### DIRECTIONS FOR THIS TASK
An exact copy of the lines, starting at the top of the listing and ending with the line that has "Elbise 1 kez", is the required answer. Pictures are not part of it.

### INPUT DATA
———

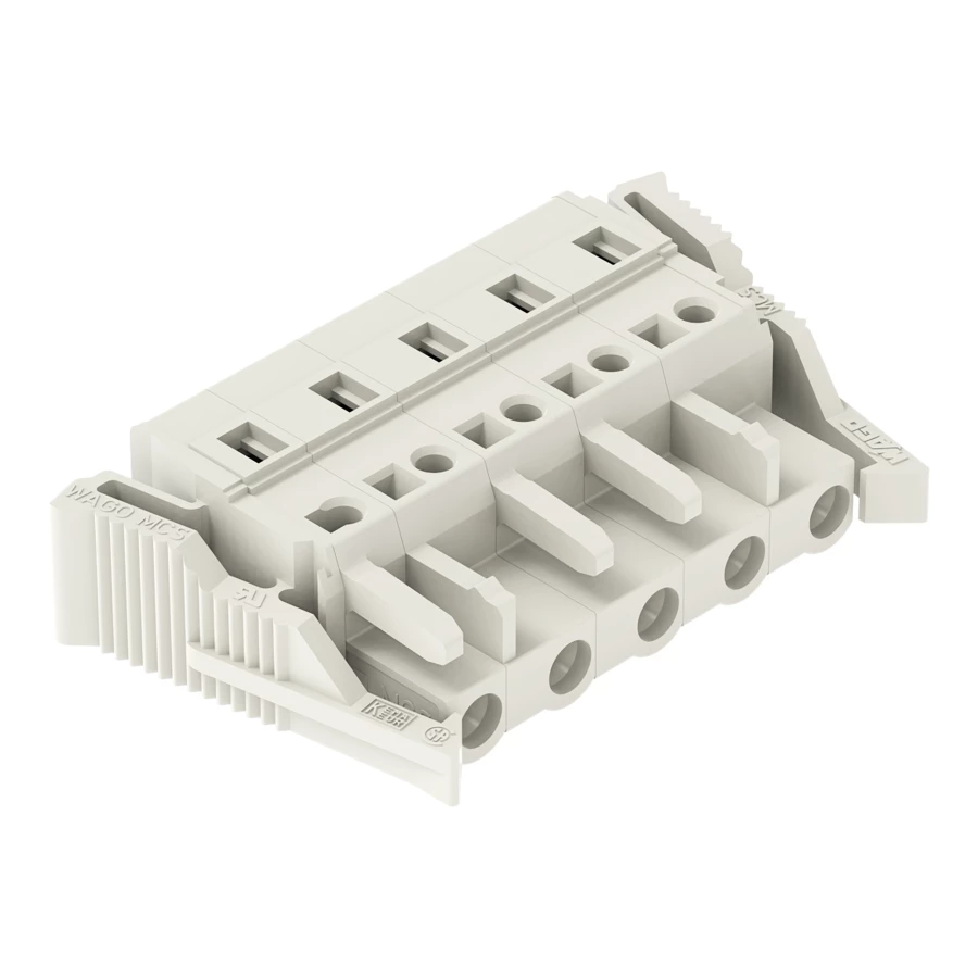 gniazdo 1-przewodowe; CAGE CLAMP®; 2,5 mm²; raster 7,5 mm; 5-bieg.; 100% ochrona przed błędnym połączeniem; boczne zaczepy ryglujące; 2,50 mm²; jasnoszary
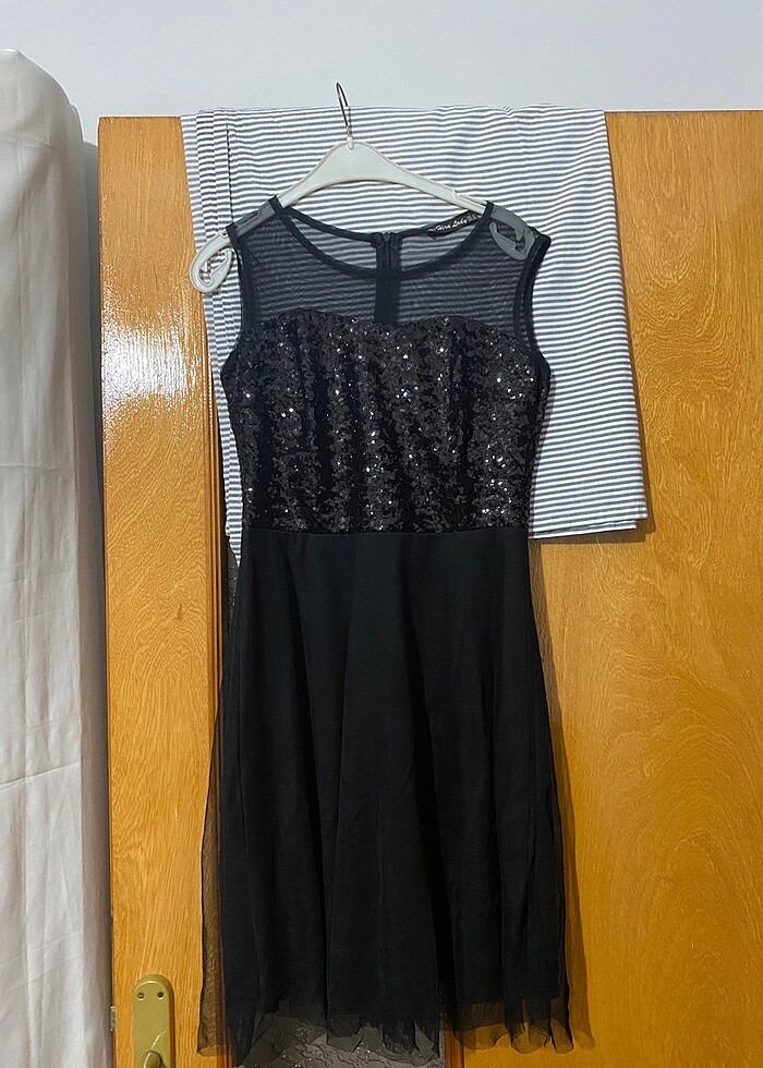 Elbise 1 kez giyildi Üst kısmı Pul payetli altı tül
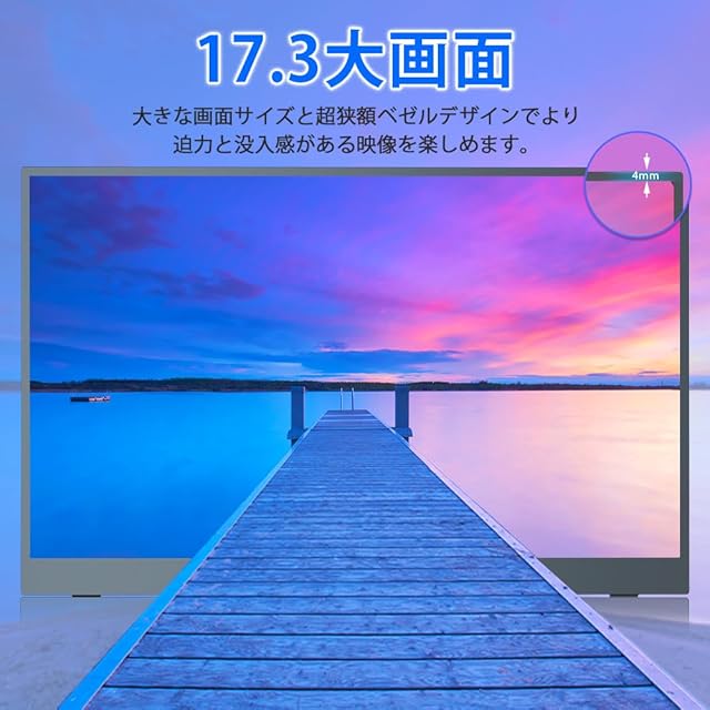 【17.3インチ大画面・ベゼルレスデザイン】効率的な在宅作業のために、サイズがより大きな17.3インチのモバイルモニターを開発されました。従来の15.6インチのモニターより、画面表示範囲は10%以上拡大しましたので、作業効率がどんどん上がります。モニターの上と左右のベゼルはわずかの4mm、本体がスリムなサイズを持ちながら、最大表示領域も保有するスマートなデザイン。画面占有率は実に約95%とほぼフレームレスを実現している。モバイルモニターが小さすぎてお悩みなら、UPERFECTの17.3インチ 4K高画質のモバイルモニターをお勧めいたします。

———

### RESPONSE
 gniazdo 1-przewodowe; CAGE CLAMP®; 2,5 mm²; raster 7,5 mm; 5-bieg.; 100% ochrona przed błędnym połączeniem; boczne zaczepy ryglujące; 2,50 mm²; jasnoszary
 Elbise 1 kez giyildi Üst kısmı Pul payetli altı tül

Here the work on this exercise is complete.